Paris catacombs
                            home         :        research         :        publications         :        presentations         :        personal      

Current Projects

  • The Language of Iranian Blogs

    Persian is one of the top ten languages in the Blogosphere (source: Technorati). The main goal of the project is to provide a linguistic analysis of the language used in Iranian blogs - including conversational Persian text, code-switching, and neologisms - and provide tools for blog analysis such as a morphological analyzer, automatic topic and language classification, and a lexicon of blog vocabulary.
    Some findings from this project were published in Low-density language strategies for Persian and Armenian. In Language Engineering for Lesser-Studied Languages, Sergei Nirenburg (ed). IOS Press of Amsterdam. February 2009.

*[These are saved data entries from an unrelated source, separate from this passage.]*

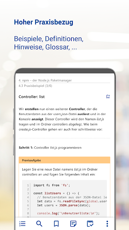 To get started, you'll learn the necessary tools and set up your development environment. Step by step, you'll discover the basics of JavaScript, including modern language features that make the language particularly flexible and efficient. You'll then learn how server-side applications are structured, how the underlying event loop model works, and how to work with modules and asynchronous processes. These topics are among the core concepts of the platform. Using practical examples, you'll develop your own web servers, initially using the built-in functions, and later also using a framework and a template engine for dynamic content.
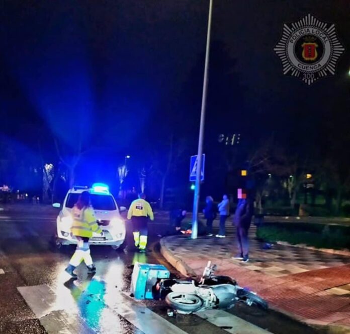 Un repartidor de 20 años resultó herido tras un accidente ocurrido en la avenida del Mediterráneo de Cuenca, donde colisionaron un ciclomotor y un turismo. El incidente tuvo lugar a las 23.59 horas del miércoles 2 de abril, de acuerdo con la información proporcionada por el servicio de emergencias 112 de Castilla-La Mancha y la Policía Local de Cuenca.
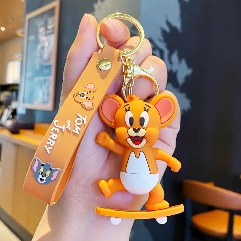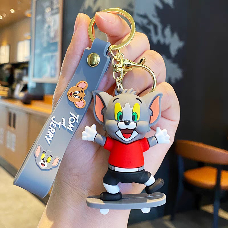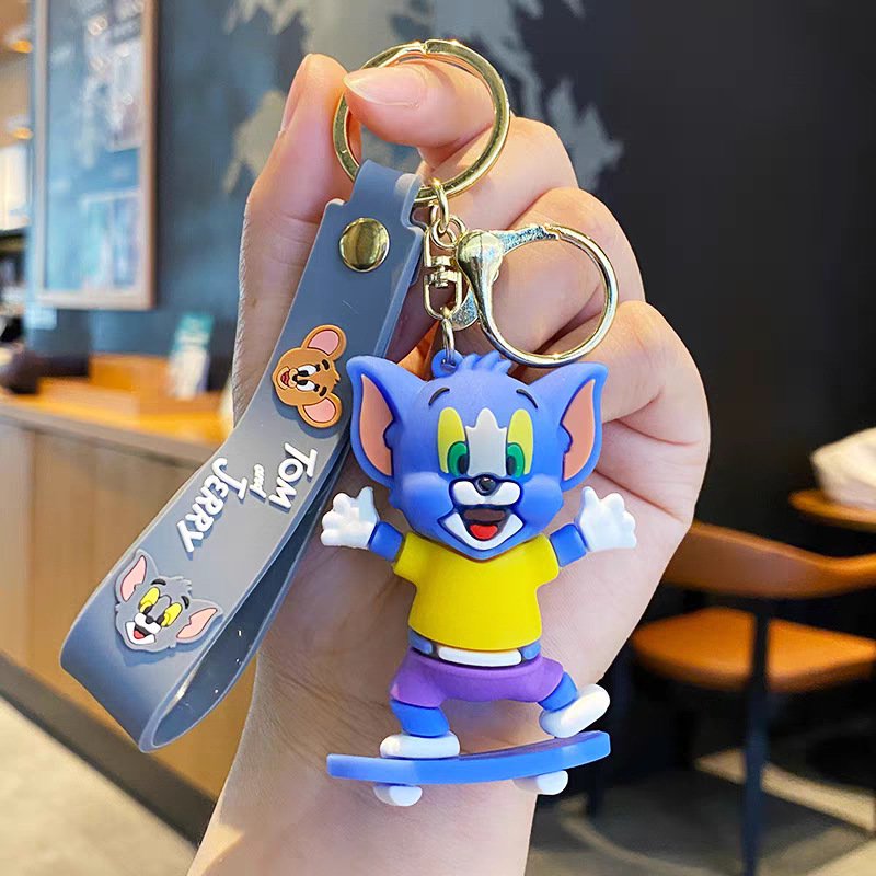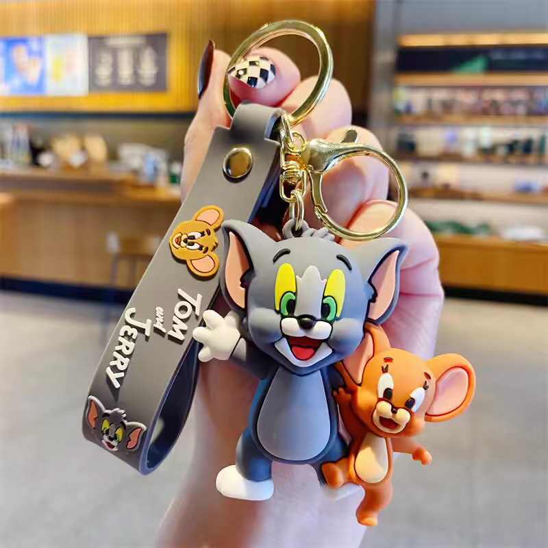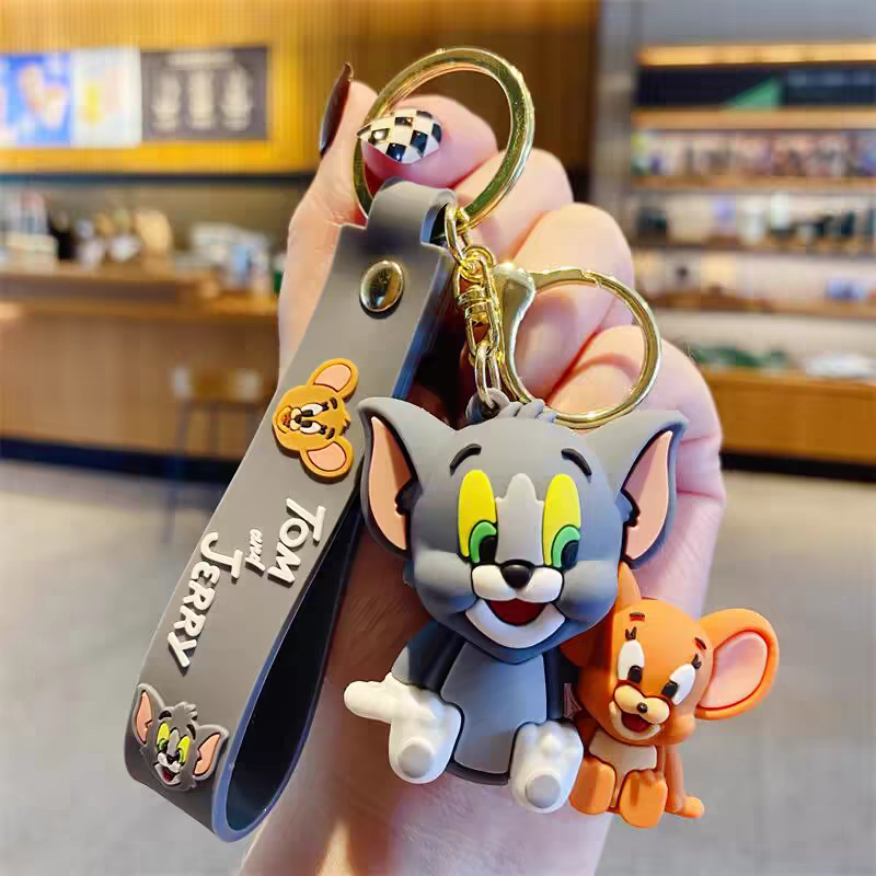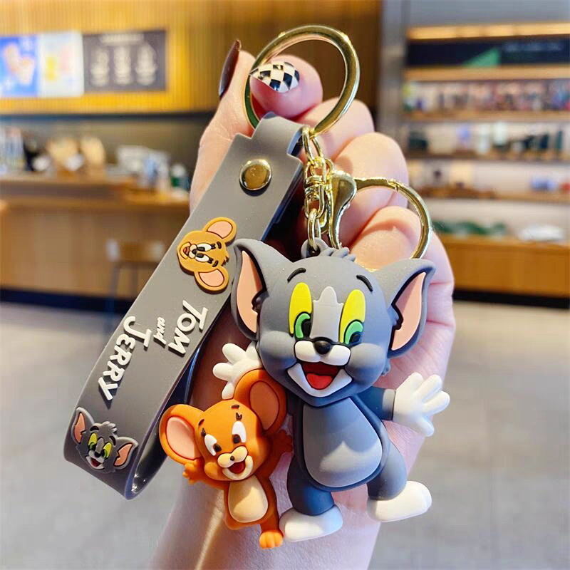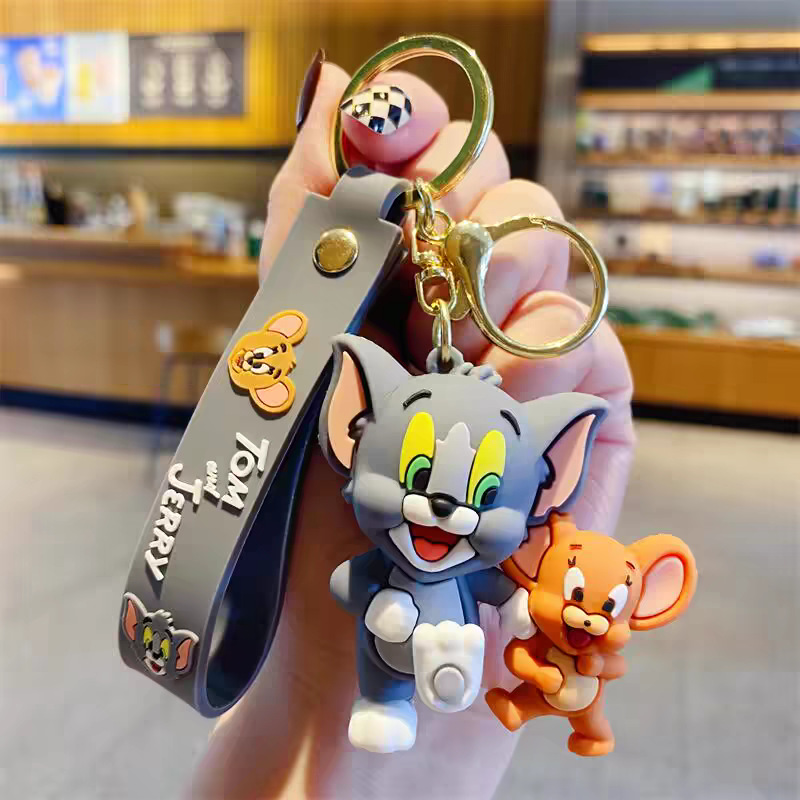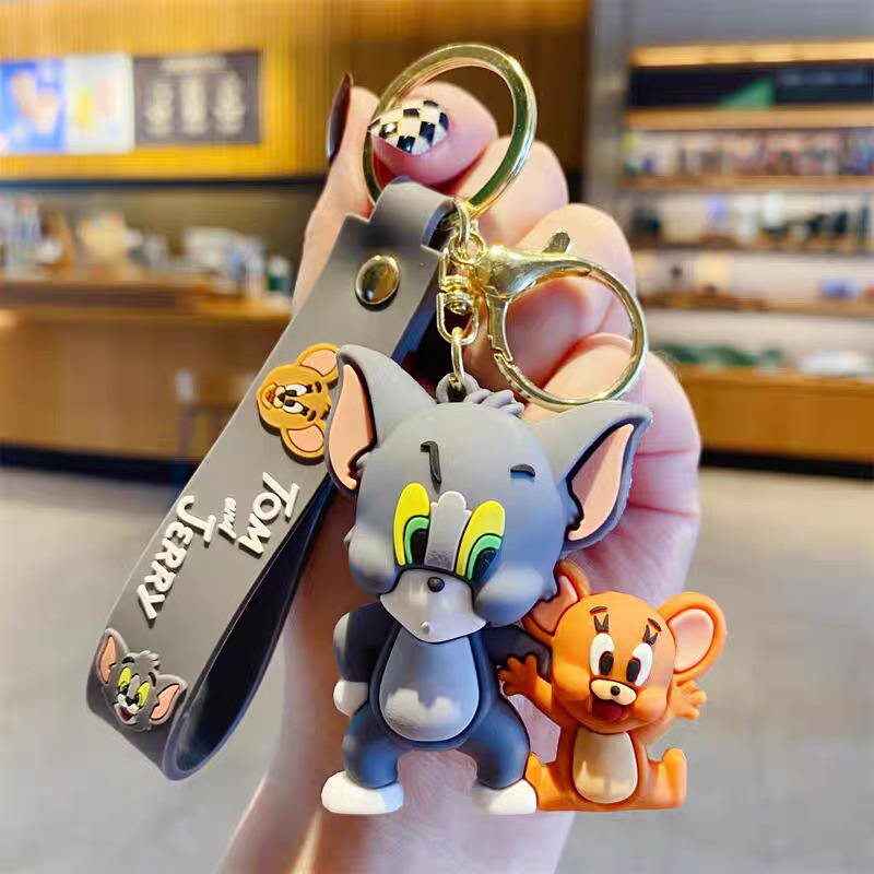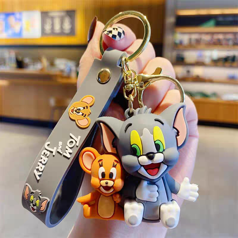 국경 간 고양이와 마우스 키 체인 학교 가방 펜던트 톰 고양이 pvc 소프트 접착제 키 체인 제리 인형스토어 가기

  • Tajiki Persian Machine Translation

    A finite-state transducer that converts Tajiki Persian text (in Cyrillic) to Iranian Persian script (Perso-Arabic) and runs the resulting transliterated document through an existing Persian-to-English MT system. We use this strategy for the rapid prototyping of MT for the low-resource Tajiki language.
    The preliminary results were reported in Low-density language bootstrapping: The case of Tajiki Persian. In Proceedings of LREC 2008. Marrakech, Morocco, May 2008.

  • Persian NLP Resources

    I am collecting a list of existing NLP resources for Persian language. The results will be posted on the SFIL website.

  • Persian Heritage Language

    - Developing a language teaching tool for analysis of Persian text, based on morphological analysis.
    - Grammar book designed for Persian heritage speakers.

Conference Organization

- Third Workshop on Computational Approaches to Arabic Script-based Languages; MT Summit XII, Ottawa, August 2009
- International Conference on Complex Predicates in Iranian Languages; Paris, July 2008

Persian NLP: Shiraz Project (1997-1999)

I was the computational linguist responsible for the development of the Shiraz machine translation system at the Computing Research Lab (CRL) in New Mexico State University. The Shiraz project was a MT prototype developed at CRL that translated Persian text into English and used typed feature structures and an underlying unification-based formalism to describe Persian linguistic phenomena. It used an electronic bilingual Persian to English dictionary consisting of approximately 50,000 terms, a complete morphological analyzer, a syntactic parser as well as transfer and generation modules. The system components were tested on a bilingual tagged corpus developed from a large Persian corpus of on-line material (approximately 10MB). The machine translation system is mainly targeted at translating news material.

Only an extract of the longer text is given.